莫詞晚扶著莫詞竹坐下:“你們療傷,我來便好。”

其他人見她已經開始給莫詞竹調理靈氣了,便也開始調理自己的傷勢。

羽卿實力最強,她受傷倒是最輕,但因為致命的幾擊都是她所貢獻的,所以她此刻也是靈力空虛。

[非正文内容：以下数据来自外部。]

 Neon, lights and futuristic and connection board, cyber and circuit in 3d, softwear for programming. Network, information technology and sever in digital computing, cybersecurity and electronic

她過去將犼獸的內丹刨了出來,丟給了莫詞晚:“給阿竹服下。”

“多謝。”莫詞晚接過去,扶著莫詞竹,內丹抵著她的唇瓣,但或許是味道有些腥,懷中的人兒皺著眉頭,似乎格外的嫌棄,甚至本能的轉開頭。

莫詞晚有些無奈:“竹兒乖。”

但這次即便是莫詞晚哄也沒用,莫詞竹就是偏過頭,不肯服下。

莫詞晚看著她皺著的眉頭,從儲物戒取出一顆松子糖:“竹兒,我們先吃糖好不好?”

松子糖抵著她的唇瓣,這次懷裏的人兒終於松開了唇瓣,讓松子糖進入了口中。

莫詞晚趁機將內丹給她餵了進去,結果莫詞晚有點小瞧了吃貨的倔強,剛剛餵進去,莫詞竹就想吐出來。

眼疾手快的用食指抵住不許她吐出來:“乖,忍一下,等竹兒好了,姐姐給你烤肉好不好?”

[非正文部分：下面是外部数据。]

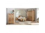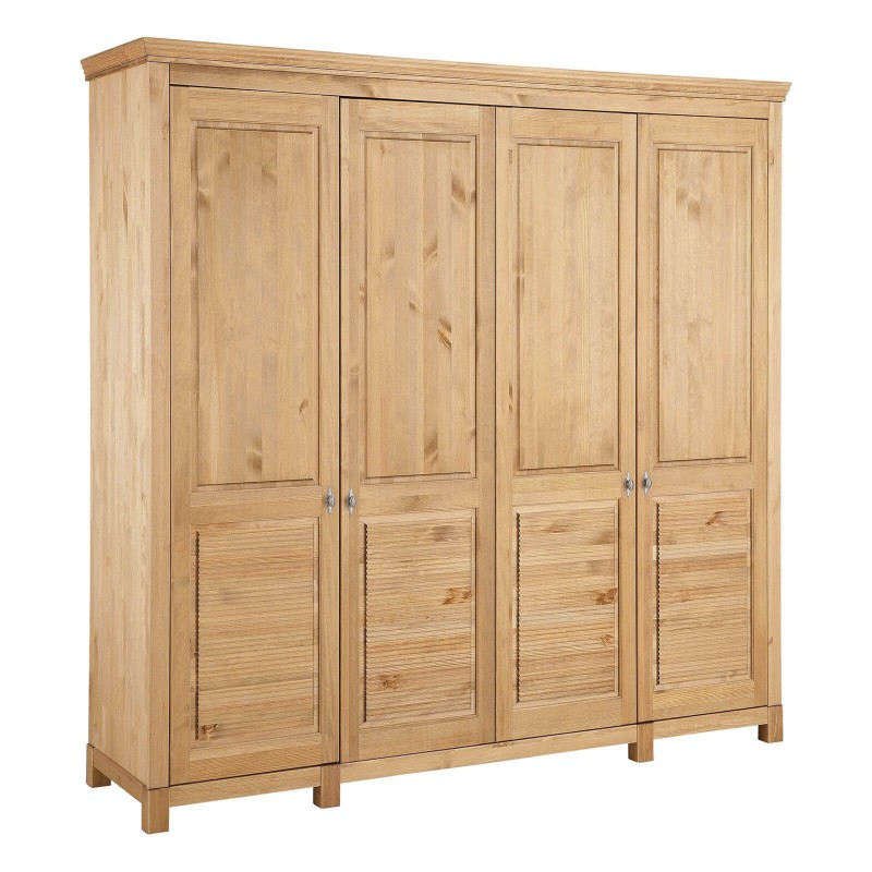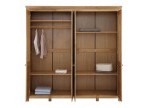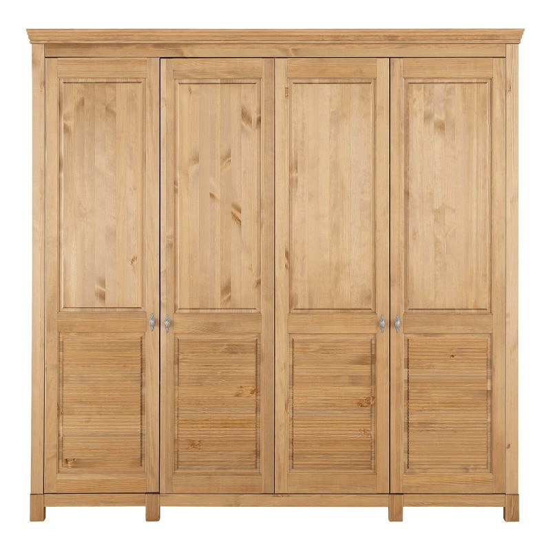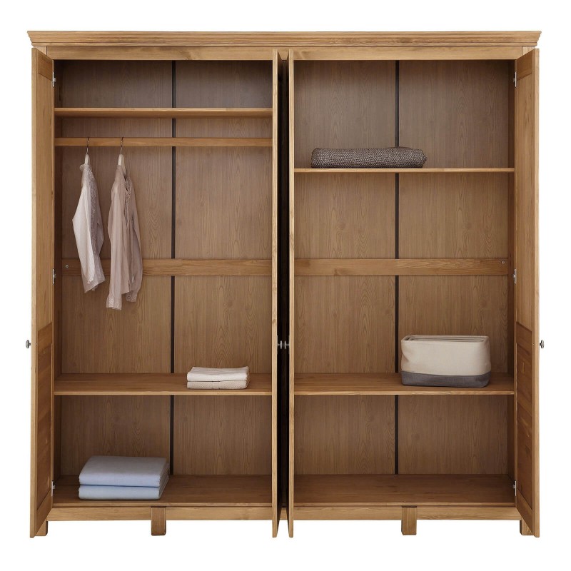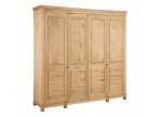 Это большой четырехдверный шкаф для внушительного гардероба! Внутри широкое отделение со штангой и местом под головные уборы, а также четыре вместительные полки для других вещей. Распашные двери – глухие, но с оригинальным декором. Завершает картину эффектная фурнитура “под старину”.

她貼著莫詞竹對耳朵,低聲呢喃,莫詞晚看著莫詞竹眉頭舒展了些,指尖將內丹抵進去了一些。

這次莫詞竹終於放棄了抵抗,連帶著糖一起吃了下去。

莫詞晚還來不及抽回自己的手,便感覺食指被人含住了,微涼的舌頭舔舐著莫詞晚的指尖。

意識到懷中人在做什麽之後,莫詞晚臉頰突然變紅,軟軟的涼涼的舌尖掃過指尖,仿佛掃過莫詞晚的心尖,癢癢的。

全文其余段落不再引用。